Rice imports could be reduced if production of underutilized crops is integrated in the mainstream farming system
Neglected and underutilized crops in Bhutan may fulfill Bhutan’s goal of achieving food security in the years to come.
An advisor to the Ministry of Agriculture and Forests, Dr. Thimmaiah, said underutilized crops of a country have the potential to achieve food security of that nation.
He said to a large extent the use of underutilized crops has not been fully studied or documented and not fully understood.
Underutilized crops are those which are not in the mainstream food production like millets, local crops, native fruit crops and many more. They are cultivated or wild harvested on a small scale and are an integral part of the culture and heritage of the region.
“These neglected and underutilized crops have the potential to ensure food security of Bhutan,” he said.
Bhutan has a rich biodiversity and using this advantage will not only reduce the pressure on natural resources used for cultivating the main crops but also diversify the nutrition sources.
An example of a neglected crop in Bhutan is the Olochoto (Cyclanthera pedata). “This plant has been in the Bhutanese traditional cooking for a long time but its potential has not been fully understood,” said Dr.
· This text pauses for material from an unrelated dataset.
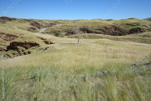 © anni94, Obraz premium Straße durch den Namib-Naukluft Nationalpark nach der Regenzeit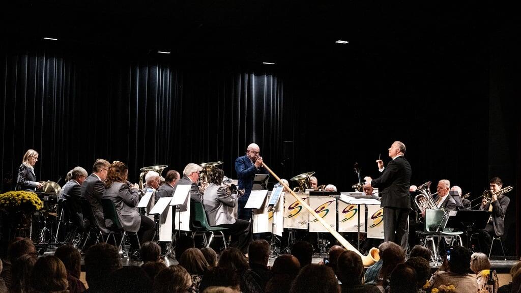 Die Senior Band der Musikgesellschaft Risch-Rotkreuz mit dem Dirigenten Thomas Gabriel und dem Solisten Armin Bachmann auf dem Alphorn.

Thimmaiah.
Globally more than 80% of the food requirement is met by merely 15 major crops. “Since these crops constitute the major food requirement, emphasis like research and development programs are given to only these crops,” he said.
“To achieve food security we should look at these neglected and underutilized crops, possibly by integrating them into the existing farming system,” he added.
He said Olochoto can be easily cultivated, needs less water and has minimal pest infestation unlike water guzzling crops like rice.
Bhutan imports a large quantity of rice to meet the daily demands. Dr. Thimmaiah said this can be reduced by at least replacing one meal of rice by other foods which are not in the main stream of Bhutanese delicacies.
Citing an example, he said, if one Bhutanese consumes approximately 200 grams of rice a meal then it would come to six kilograms of rice per person a month. In a year it amounts to 73 kilograms of rice per person. And taking the total population of Bhutan as 7, 00,000 people, the total amount or rice consumed in a meal by the whole country will be 50 million kilograms.
“So, if we replace one meal of every Bhutanese by the neglected and underutilized crops, we are saving 50 million kilograms of rice a year,” said Dr Thimmaiah, adding that even a modest 50% of the assumed quantity of the rice will have a huge impact on food security.
These neglected crops can be integrated in the Bhutanese cuisine. For example, Olochoto can be cultivated easily in Bhutan and also provides a source of food and income to the farmers.
In Bhutan, Olochoto is cooked with cheese and chilies but has hardly made into the main stream of Bhutanese cuisines. Dr. Thimmaiah said Bhutanese have to integrate all those underutilized crops as their mainstream food to reduce pressure on rice and other main crops.
However, the availability of seeds is one of the problems. Farmers who cultivate these crops have an informal seed sharing system and it is difficult to find seeds in the open market.
“The most important aspect in these underutilized crops is developing appropriate gastronomy with innovative cuisines to popularize them. I have tried stuffing the Olochoto with potato and it tastes very good and the method of preparation is very simple,” he said.
An organization based in Malaysia called the Crops for Future (CFF) is also actively involved in the promotion of neglected and underutilized crops. CFF facilitates access to knowledge and create awareness on these potential crops for the benefit of the poor.
This organization helps promote greater consumption and production of neglected and underutilized crops, increase income for agriculture producers and processors and enhance nutrition through dietary diversity.
In Bhutan, the conservation and documentation of biodiversity is undertaken by the National Biodiversity Center under agriculture and forest ministry.
“It is equally important to create awareness on production, use, nutritional benefits and support market development for the neglected and underutilized crops,” said Dr. Thimmaiah.